:: PROBLEM STATEMENT ::
What is needed is an exact transcription of every entry below, with the pictures left out.

Extracted records:
※ ※ ※
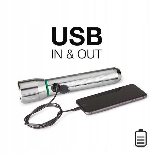 Wyjściowy port USB: Dzięki wyjściowemu portowi USB latarka działa także jako powerbank, co pozwala na ładowanie np. telefonu
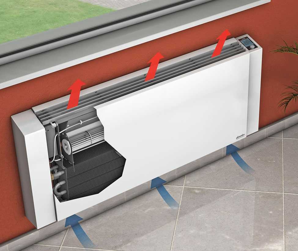 Конвекторы представляют собой нагревающиеся панели, они отапливают пространство с помощью движения холодных и теплых воздушных масс. В состав конвектора входит труба, в которой расположен теплоноситель. Труба обрамляется ребрами, пластинами которые подогревают окружающее пространство. Изготавливаются пластины зачастую из меди, либо стали. Конвекторы разделяются на внешние и встроенные. Первый тип конвекторов крепится на стену, второй может быть закреплен вдоль пола, либо стены. К конвекторам так же относятся теплые плинтусы. Данное устройство отличное решение для людей, которые не желают зависеть от систем государственного отопления.
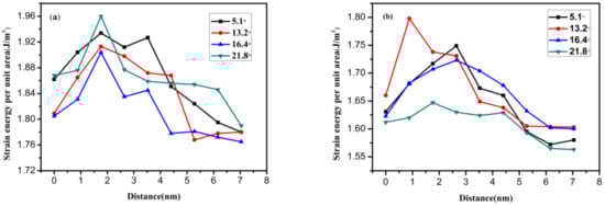 The strain energy per unit area of different graphene nanoribbons was investigated through the model in Figure 3, and then the initial fracture site of the polycrystalline graphene was analyzed. The variation in strain energy per unit area with increasing distance from the GB for different load directions (perpendicular and parallel directions to GB) is illustrated in Figure 6a,b, where the strain of polycrystalline graphene was maintained at 15%. It can be seen from these figures that the strain energy per unit area exhibits an increasing–decreasing trend with the increasing distance from the GB. These curves show that the highest strain energy per unit area is not in the position of the GB but appears in the vicinity of the GB (at a distance of about 2 nm). Furthermore, it can be inferred from these figures that when the distance from the GB is far enough, the strain energy per unit area will reduce to that of pristine graphene. The initial fracture site of polycrystalline graphene appears in the vicinity of the GB. The influence of the GB on the surrounding monocrystalline region will gradually weaken as the distance from the GB increases. This effect can be neglected when the distance is large enough.
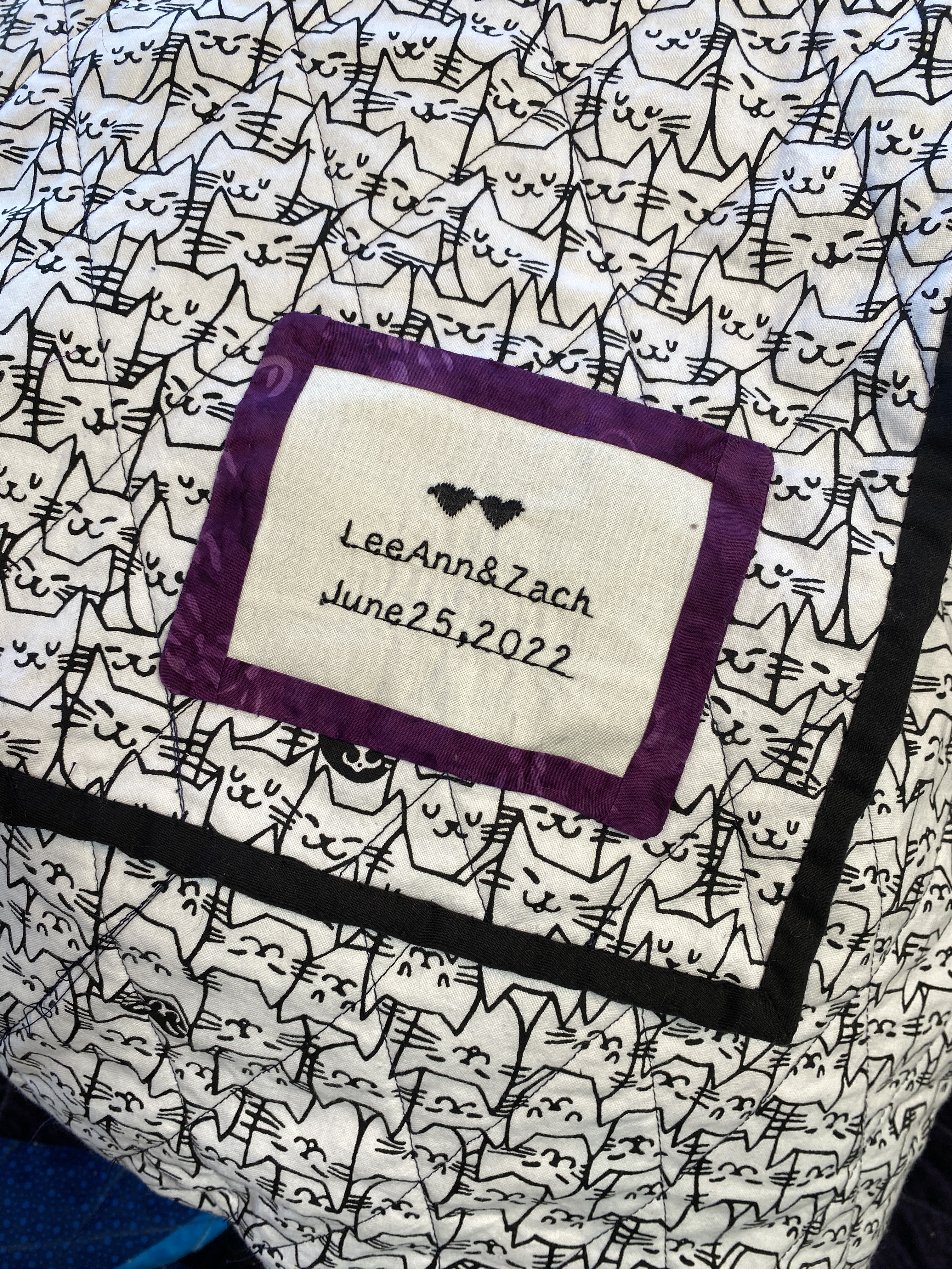 With the center and the borders completed, I jumped ahead and insisted we put the binding on. Hours at the sewing machine had left me feeling like hand sewing might be a nice change of pace so my mom and I started at different corners and raced each other to put on the binding. Obviously she won. With all of this completed and still one day left in my Thanksgiving vacation, I wasn’t ready to tackle the final bit of hand quilting that would be needed, nor was I in the headspace to re-examine all of the quilting done so far and find our mistakes and re-do those areas. Instead, my mom suggested I play with the embroidery settings on her machine and create the quilt label.
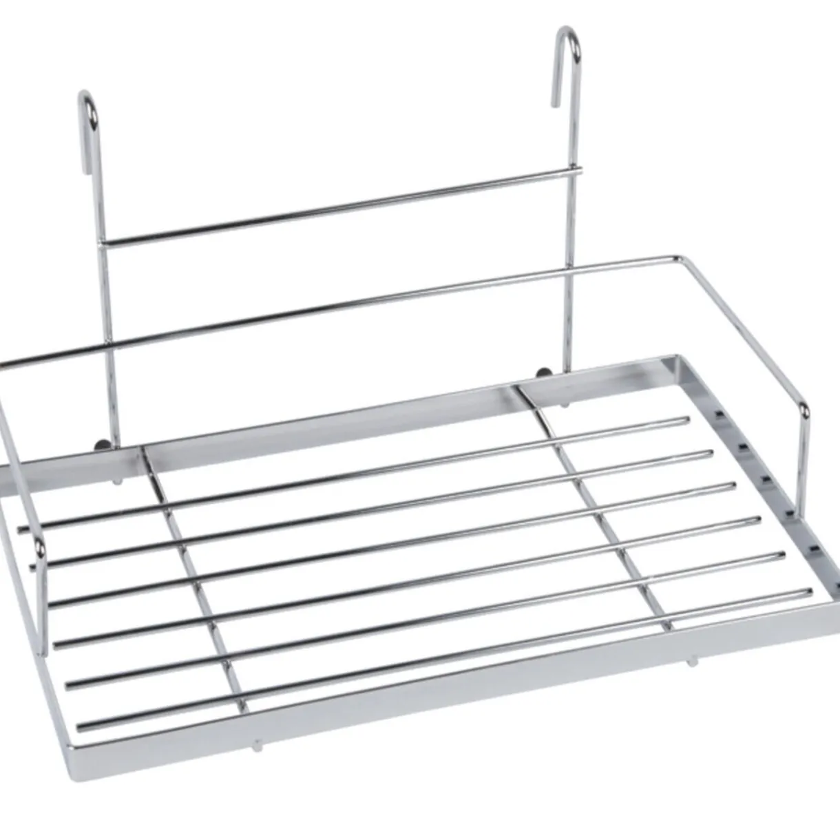 Rangement de cuisine à suspendre contenant : 1 support essuie-tout, 6 crochets, 2 barres L. 58 cm avec système d’accroche et 1 étagère, métal chromé.
※ ※ ※
:: FINISHED TASK ::
 Wyjściowy port USB: Dzięki wyjściowemu portowi USB latarka działa także jako powerbank, co pozwala na ładowanie np. telefonu
 Конвекторы представляют собой нагревающиеся панели, они отапливают пространство с помощью движения холодных и теплых воздушных масс. В состав конвектора входит труба, в которой расположен теплоноситель. Труба обрамляется ребрами, пластинами которые подогревают окружающее пространство. Изготавливаются пластины зачастую из меди, либо стали. Конвекторы разделяются на внешние и встроенные. Первый тип конвекторов крепится на стену, второй может быть закреплен вдоль пола, либо стены. К конвекторам так же относятся теплые плинтусы. Данное устройство отличное решение для людей, которые не желают зависеть от систем государственного отопления.
 The strain energy per unit area of different graphene nanoribbons was investigated through the model in Figure 3, and then the initial fracture site of the polycrystalline graphene was analyzed. The variation in strain energy per unit area with increasing distance from the GB for different load directions (perpendicular and parallel directions to GB) is illustrated in Figure 6a,b, where the strain of polycrystalline graphene was maintained at 15%. It can be seen from these figures that the strain energy per unit area exhibits an increasing–decreasing trend with the increasing distance from the GB. These curves show that the highest strain energy per unit area is not in the position of the GB but appears in the vicinity of the GB (at a distance of about 2 nm). Furthermore, it can be inferred from these figures that when the distance from the GB is far enough, the strain energy per unit area will reduce to that of pristine graphene. The initial fracture site of polycrystalline graphene appears in the vicinity of the GB. The influence of the GB on the surrounding monocrystalline region will gradually weaken as the distance from the GB increases. This effect can be neglected when the distance is large enough.
 With the center and the borders completed, I jumped ahead and insisted we put the binding on. Hours at the sewing machine had left me feeling like hand sewing might be a nice change of pace so my mom and I started at different corners and raced each other to put on the binding. Obviously she won. With all of this completed and still one day left in my Thanksgiving vacation, I wasn’t ready to tackle the final bit of hand quilting that would be needed, nor was I in the headspace to re-examine all of the quilting done so far and find our mistakes and re-do those areas. Instead, my mom suggested I play with the embroidery settings on her machine and create the quilt label.
 Rangement de cuisine à suspendre contenant : 1 support essuie-tout, 6 crochets, 2 barres L. 58 cm avec système d’accroche et 1 étagère, métal chromé.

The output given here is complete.